Whenever they stopped for a meal or a night, Brillar continued her Item lessons. The frost and fire now stayed with the arrowheads long enough to be useful. Twice during the day they spotted small herds of irex because the large herd had fragmented to graze. Once they waited for two days when a large group of irex decided that there was good grass around the thorn hedge and others grazed to the south. Two days of Item spells were useful. They kept far-sight alert for anything unusual.

The hedge went slightly uphill in their direction of travel. Once, it bent north and split, one section going to the north and one east.

“I think I was wrong about the brush following a natural stream. It seems that a watercourse must have been dug at some point or the hedging would follow one track.”

“There is water nearby though,” she replied. “Perhaps fresh?” Elden nodded and they walked toward the water sign cautiously then stopped short.

“What is it?” she asked.

“Tell me what you see.”

“I can see something; its body is sunken in the water near a rock. The pool seems shallow but I think it’s deeper than it looks. What is it?”

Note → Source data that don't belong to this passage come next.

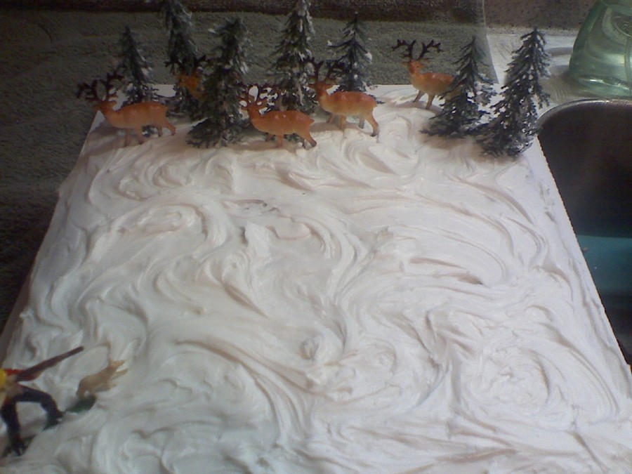 White cake buttercream frosting. Was trying to make it look all snowy but kept having trouble. lol
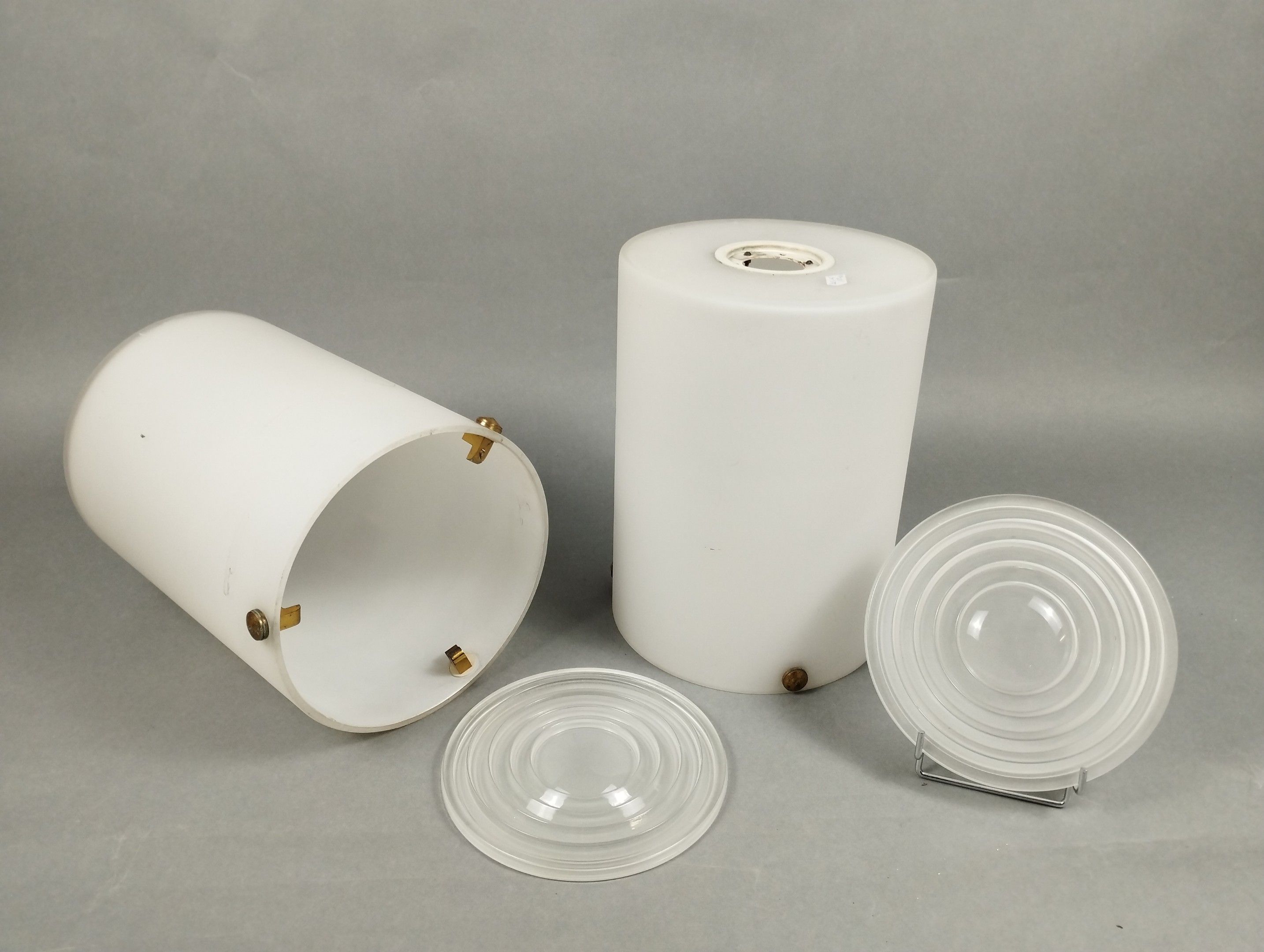 Jean PERZEL (1892-1986), Paris. Pair of ceiling lights-suspensions, model no. 2015, consisting of a cylindrical frosted glass bulb cover, the inner wall white, holding a Frénel type lens in pressed cast iron (varnished brass mounting). Upper mounting system in white lacquered metal. Purchased in 1957.
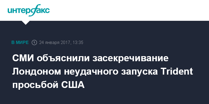 Москва. 24 января. INTERFAX.RU - Американские власти настоятельно просили Лондон не раскрывать информацию о неудачном запуске ракеты Trident II D5, сообщают во вторник британские СМИ.
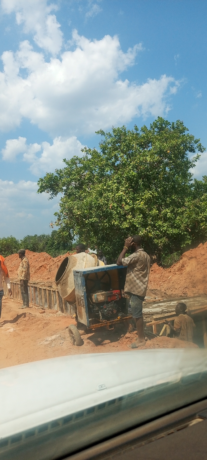 The image depicts an outdoor construction site in Ayale, Nigeria, under a bright blue sky with scattered white cumulus clouds

Elden just shook his head. “I have never seen or heard of anything like it but I sense its waiting. Look how green the grass is at the side of the pool. A trap, I think, for the hungry and unwary. Whatever it is, it must be an ambush hunter, one that waits for prey that comes close and then takes it with a lunge. Well, we’re not unwary. It will have to wait for something else.” They returned to the hedge to move eastward.